• TASK TO COMPLETE:
The records below must be transcribed exactly. Do not include the pictures.

===

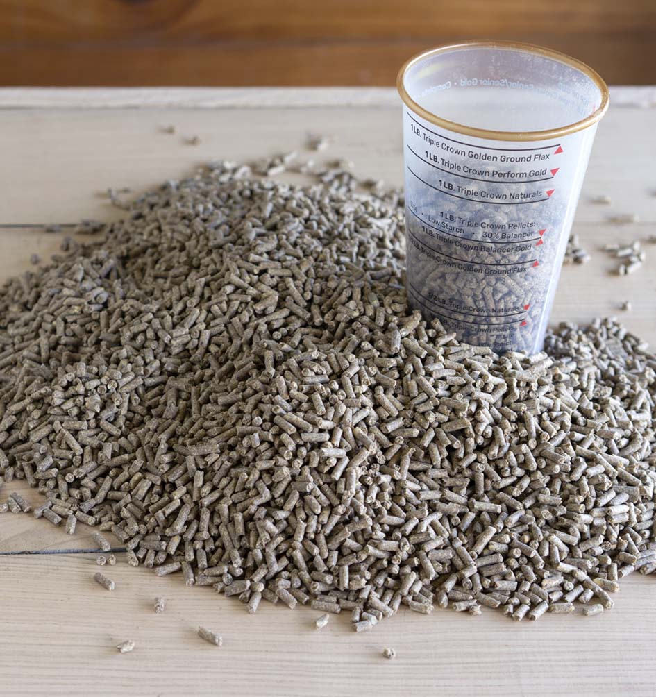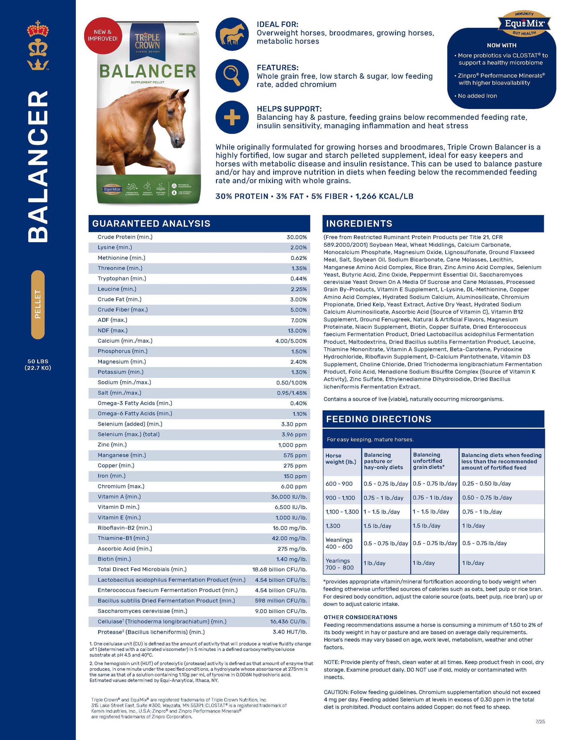 While originally formulated for growing horses and broodmares, Triple Crown Balancer is a highly fortified, low sugar and starch pelleted supplement, ideal for easy keepers and horses with metabolic disease and insulin resistance. This can be used to balance pasture and/or hay and improve nutrition in diets when feeding below the recommended feeding rate and/or mixing with whole grains.
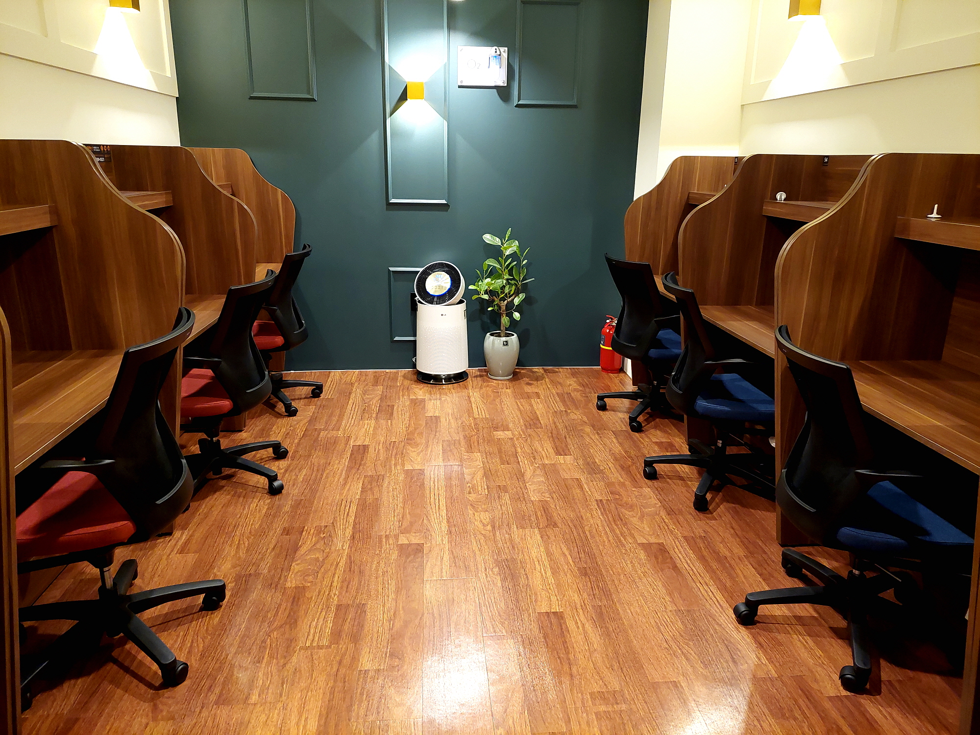 나머지는 공간들은 모두 칸으로 나눠진 1인 1책상으로 도서관 열람실 같이 오픈 좌석이 없다.
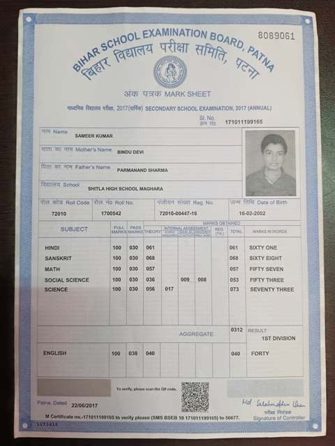 | Exam | Full Marks | Pass Marks | Marks Obtained |
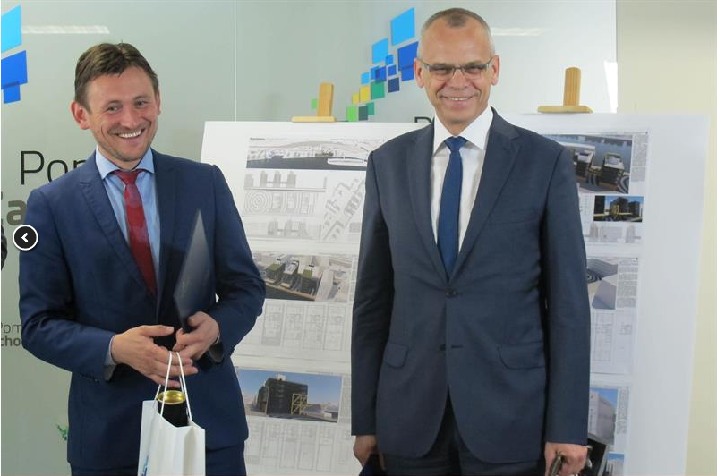 Na zdjęciu: Burmistrz Karlina Waldemar Miśko (z prawej) chwilę przed odebraniem wyróżnienia w konkursie na najlepszą przestrzeń publiczną województwa zachodniopomorskiego.
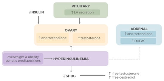 PCOS is not only an endocrine disorder but also a metabolic disorder. It is often associated with obesity (particularly the visceral phenotype), IR, secondary hyperinsulinemia, and dyslipidaemia. These factors increase the risk of developing metabolic complications and CVD and exacerbate the clinical and hormonal symptoms. They play an important role in the pathophysiology of PCOS [139,140,141].
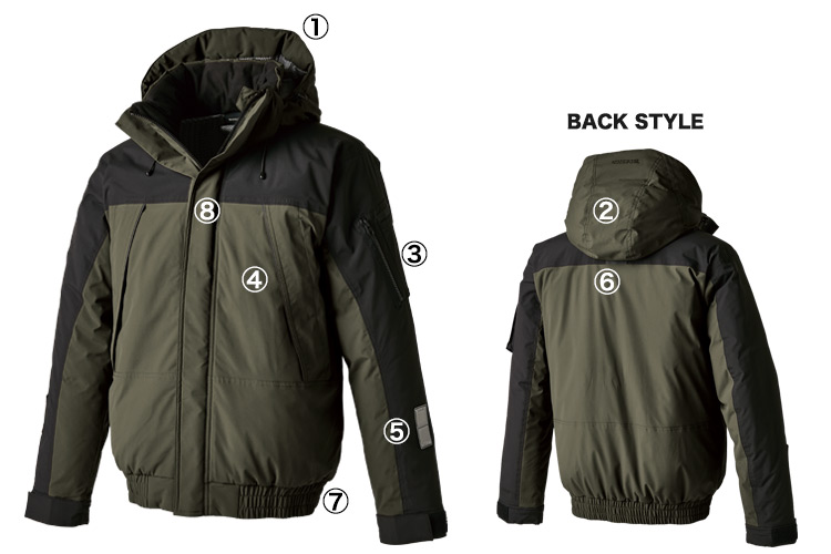 - 平均重量(Lサイズ)900g、両側内ポケット付き、両胸ファスナーポケット、左袖ファスナーポケット、取り外し式フード
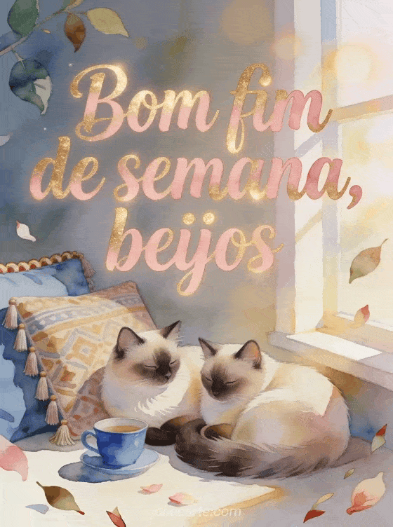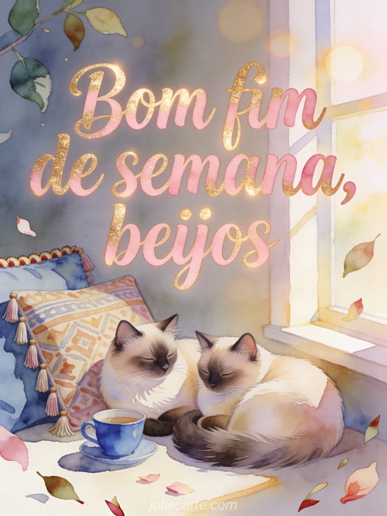 Envie uma saudação acolhedora de bom fim de semana com dois gatos birmaneses, uma xícara azul e charme de aquarela. Veja também um imagens de beijos bom fim de semana, um bom fim de semana primavera ou um gif beijos bom fim de semana.

===

• TASK SOLUTION:
 While originally formulated for growing horses and broodmares, Triple Crown Balancer is a highly fortified, low sugar and starch pelleted supplement, ideal for easy keepers and horses with metabolic disease and insulin resistance. This can be used to balance pasture and/or hay and improve nutrition in diets when feeding below the recommended feeding rate and/or mixing with whole grains.
 나머지는 공간들은 모두 칸으로 나눠진 1인 1책상으로 도서관 열람실 같이 오픈 좌석이 없다.
 | Exam | Full Marks | Pass Marks | Marks Obtained |
 Na zdjęciu: Burmistrz Karlina Waldemar Miśko (z prawej) chwilę przed odebraniem wyróżnienia w konkursie na najlepszą przestrzeń publiczną województwa zachodniopomorskiego.
 PCOS is not only an endocrine disorder but also a metabolic disorder. It is often associated with obesity (particularly the visceral phenotype), IR, secondary hyperinsulinemia, and dyslipidaemia. These factors increase the risk of developing metabolic complications and CVD and exacerbate the clinical and hormonal symptoms. They play an important role in the pathophysiology of PCOS [139,140,141].
 - 平均重量(Lサイズ)900g、両側内ポケット付き、両胸ファスナーポケット、左袖ファスナーポケット、取り外し式フード
 Envie uma saudação acolhedora de bom fim de semana com dois gatos birmaneses, uma xícara azul e charme de aquarela. Veja também um imagens de beijos bom fim de semana, um bom fim de semana primavera ou um gif beijos bom fim de semana.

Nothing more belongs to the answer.